Deterministic/Stochastic Wavelet Decomposition for Recovery of Signal From Noisy Data

In a series of recent articles on nonparametric regression, Donoho and Johnstone developed waveletshrinkage methods for recovering unknown piecewise-smooth deterministic signals from noisy data. Wavelet shrinkage based on the Bayesian approach involves specifying a prior distribution on the wavelet coefficients, which is usually assumed to have a distribution with zero mean. There is no a priori reason why all prior means should be 0; indeed, one can imagine certain types of signals in which this is not a good choice of model. In this article, we take an empirical Bayes approach in which we propose an estimator for the prior mean that is “plugged into” the Bayesian shrinkage formulas. Another way we are more general than previous work is that we assume that the underlying signal is composed of a piecewise-smooth deterministic part plus a zero-mean stochastic part; that is, the signal may contain a reasonably large number of nonzero wavelet coefficients.
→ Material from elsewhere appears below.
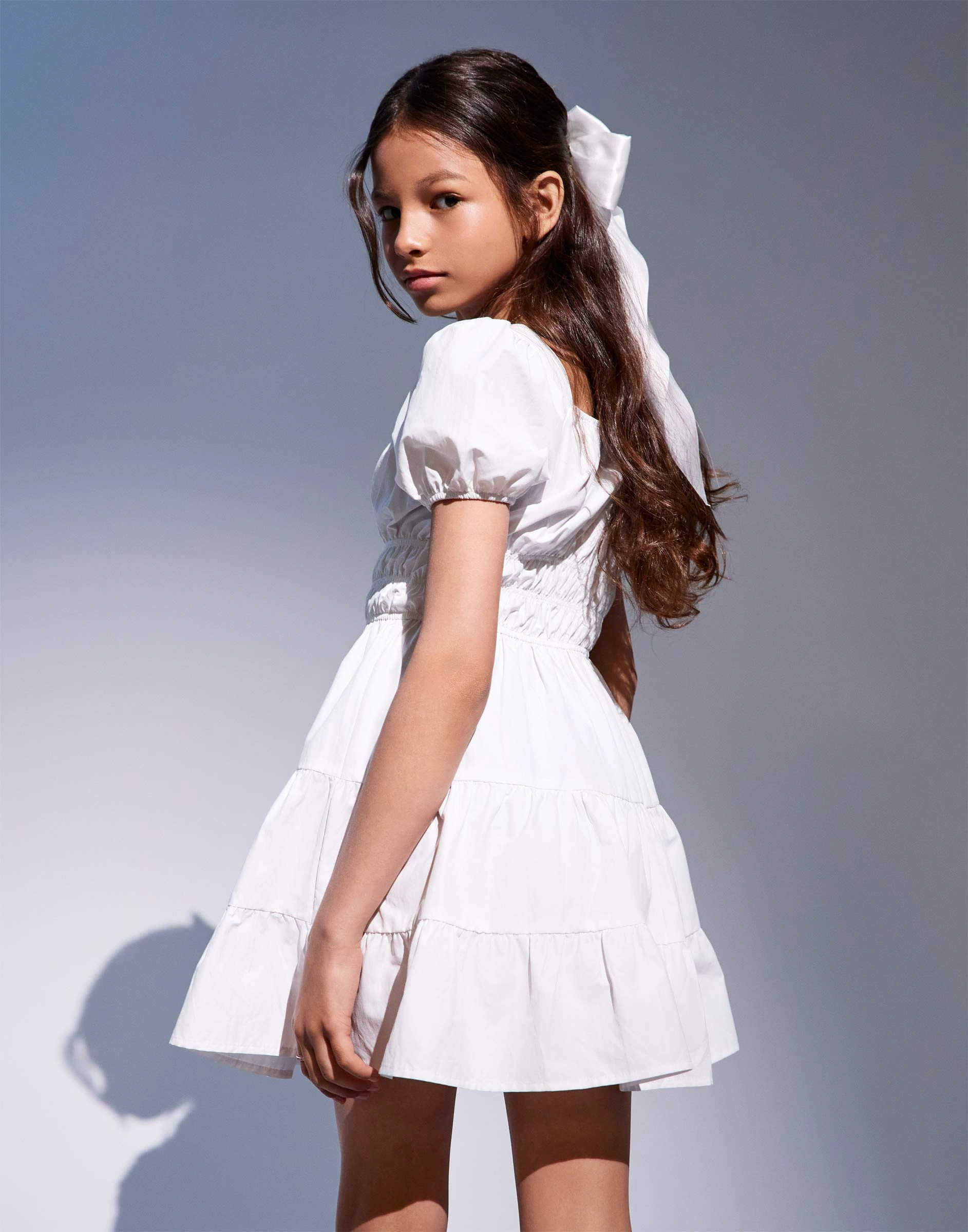 Белое ярусное платье с рукавами-фонариками Gdr028966-1
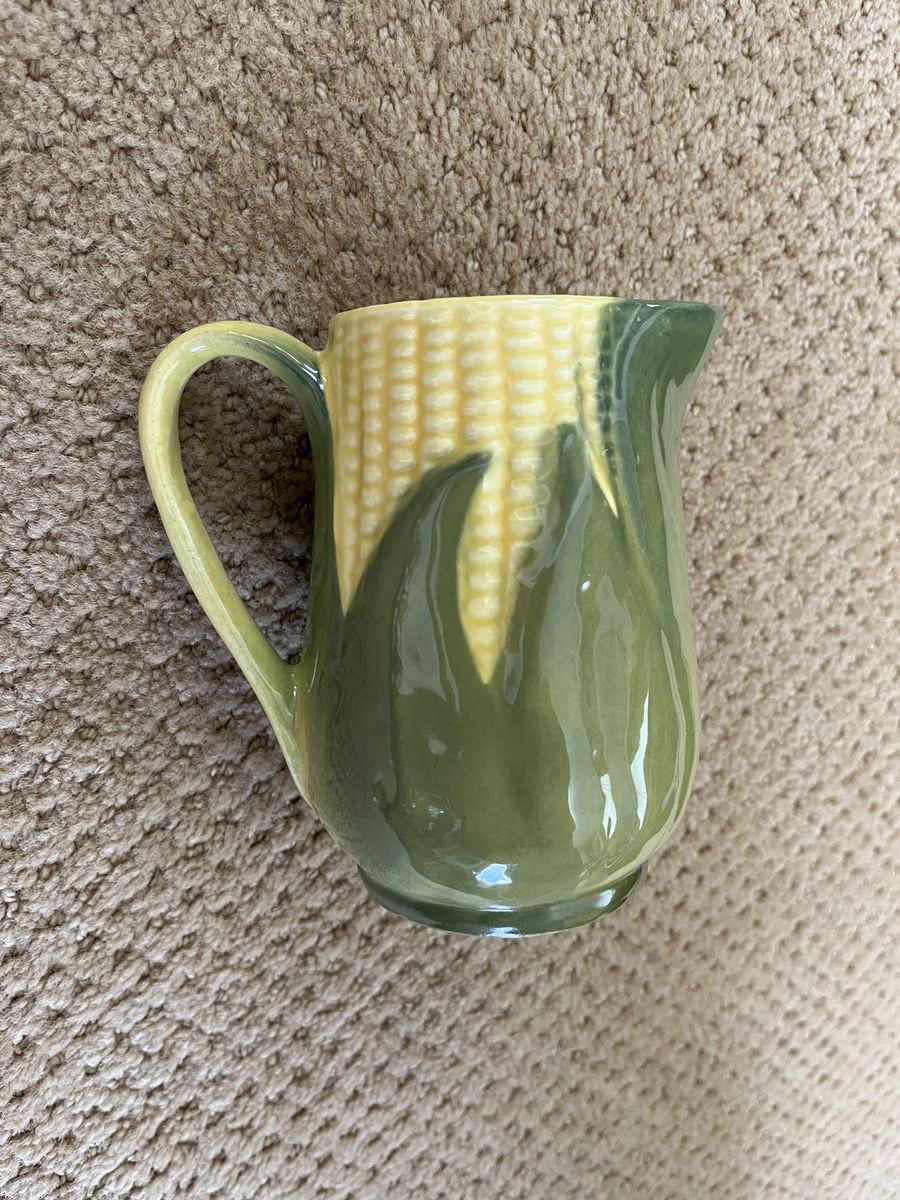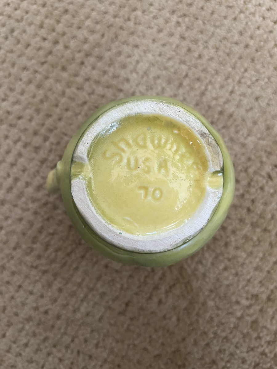 VenmoHow cute is this?! So cute! This is a really nice yellow and green corn pitcher. It is marked Shawnee USA 70. This measures 4 3/4 inches tall. It is almost 5 inches from the spout to the most outer part of the handle. It is 2 1/2 inches in diameter across the top. I believe this was made in Ohio. It is very clean inside, like it was never used. A really fun display item to add a pop of color. It would also be perfect to use. Thinking it was used to hold cream. As far as I can research this was made in the 1940's - 1950's. A great collector item. Price is firm.

Our goal is to predict this signal from noisy data. We also develop a new estimator for the noise variance based on a geostatistical method that considers the behavior of the variogram near the origin. Simulation studies show that our method (DecompShrink) outperforms the wellknown VisuShrink and SureShrink methods for recovering a wide variety of signals. Moreover, it is insensitive to the choice of the lowest-scale cut-off parameter, which is typically not the case for other wavelet-shrinkage methods.